Мээн осторожно заговорил, однако на экране почему-то не появлялся:

– Товарищи... Вы хотите выступить?

На экране осталось при этом изображение поднятой руки, и Гею вдруг показалось, что он знает эту вялую большую ладонь.

– Привет вам! Я, товарищи, по поручению... Поэтому я без всякой записки...

Казалось, что голос исходит прямо из Руки.

Знакомый голос!

– Пожалуйста, пожалуйста! – залебезил Мээн, так и не появившись на экране.

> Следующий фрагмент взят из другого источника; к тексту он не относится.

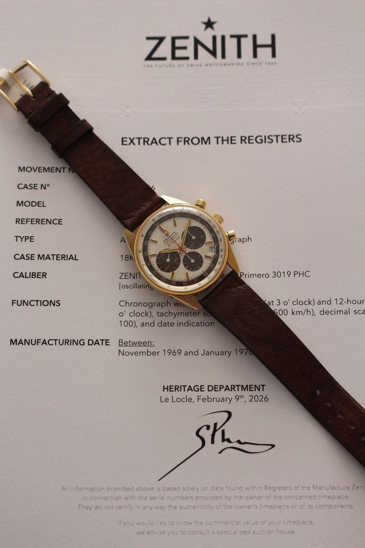 Zenith El Primero Ref. G381, Yellow Gold 18kt, Extract from the Registers, Excellent Condition, Tropical Dial
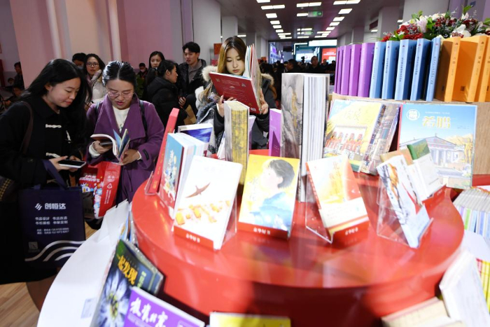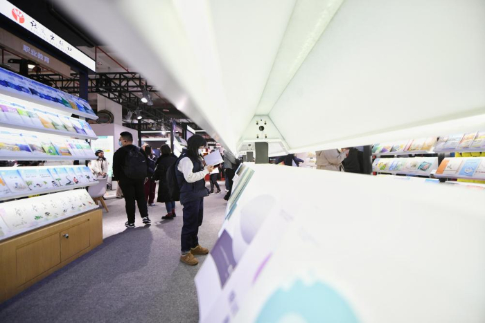 1月11日,参观者在2024北京图书订货会上阅览书籍。
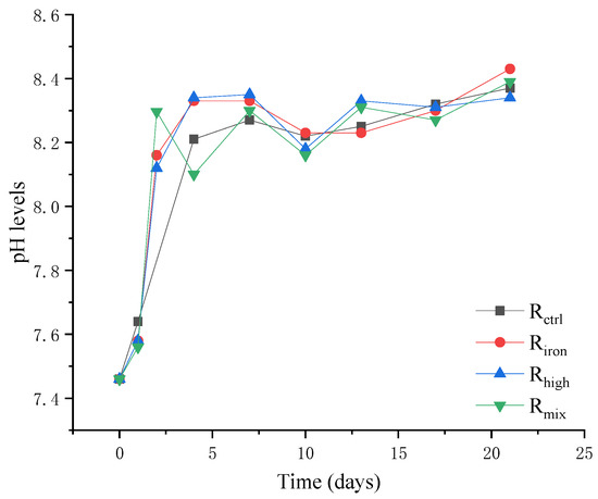 The changing trends of pH in all the reactors were the same; pH continued to rise from the beginning of the reaction (Figure 3), but was maintained in the optimal range of anaerobic digestion (6.5–8.5) [35]. This may be because ammonia is an important nitrogen source for the pH-stabilizing agent in the neutralization of VFA. At the beginning of the experiment, with the increase in VFA levels, the ammonia levels also continued to rise and stabilize. At the same time, when iron powder was added into the anaerobic digestion reactor, it reacted with the water and organic matter, resulting in an increase in the pH. This shows that the effect of iron powder and ammonia nitrogen on the pH were greater than VFA, and the anaerobic digestion system itself had a regulating effect. So, the pH was relatively stable in the anaerobic digestion process.
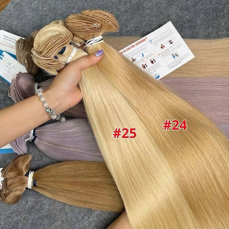Extensiones de cabello Remy de trama doble atadas a mano al por mayor cabello humano vietnamita sin desprendimiento sin enredos de color
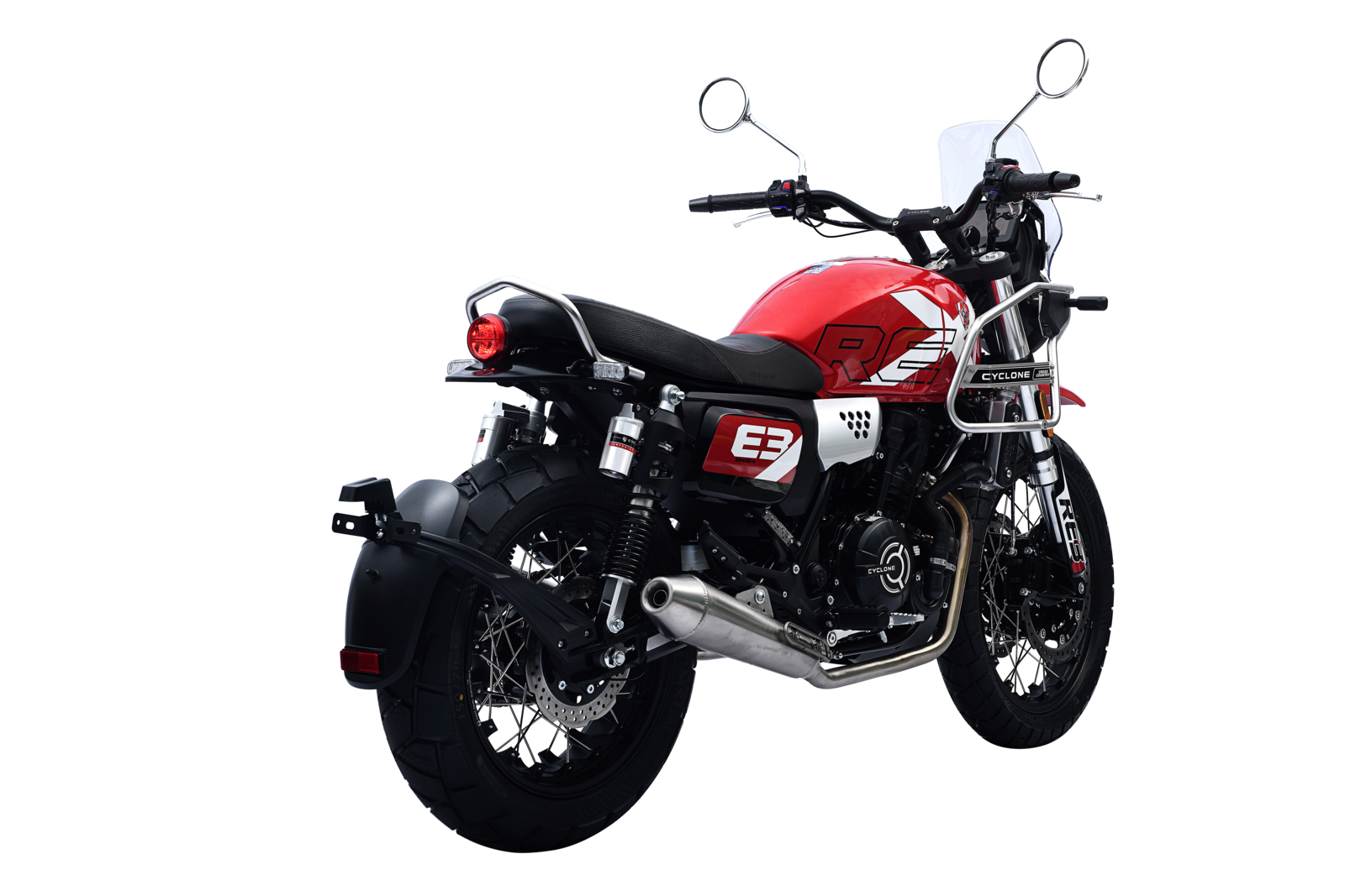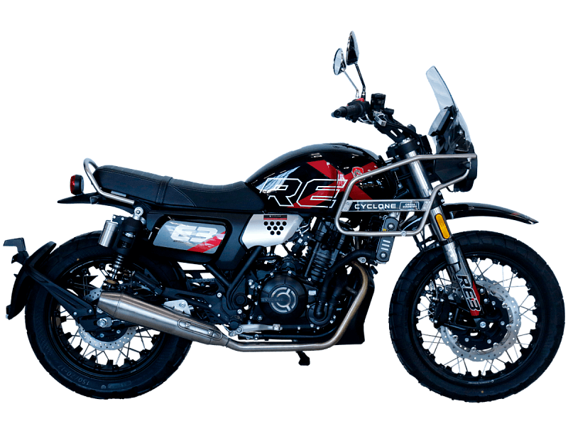 CYCLONE RE3 Scrambler (SR400-A) – универсальный мотоцикл, объединяющий в себе черты городского мотоцикла и эндуро. Управляя им, можно бросить вызов и городским пробкам, и скоростным автострадам, и всевозможному лёгкому бездорожью. Его дизайн отдаёт дань уважения каферейсерской тематике.

– Я должен высказать вам, товарищи, гигантскую мысль... Мы не должны, товарищи, проходить мимо высказывания этого социолога, Гея этого самого, который выдает себя за ученого! Я имею в виду его высказывания относительно тварей... это же библейские высказывания, а значит, не наши! И вообще все, что он говорит и делает...

– Это диалектика жизни! – перебил его Гей. – То есть действие жизни!.. Исправьте систему! – загорячился Гей, обращаясь непонятно к кому. – Разве никто не видит и не слышит, что телекинез этот самый барахлит?!

И тут голос, исходивший из Руки, жестко возразил:

– Никаких нарушений нет! Система работает отлично! Сони-сони. Я и сам хочу установить такую же на своем Комбинате...

Гей растерянно глянул на Алину и заметил наконец, что пальцами правой руки она манипулирует кнопками на каком-то приборе, стоявшем возле рычага ручного тормоза. Он уже знал, что руль машины она почти всегда держала только левой рукой. Значит, это все подстроила Алина. Запись на видеокассете...

– Ты?! – воскликнул он.

Она только улыбнулась, глядя на дорогу перед машиной.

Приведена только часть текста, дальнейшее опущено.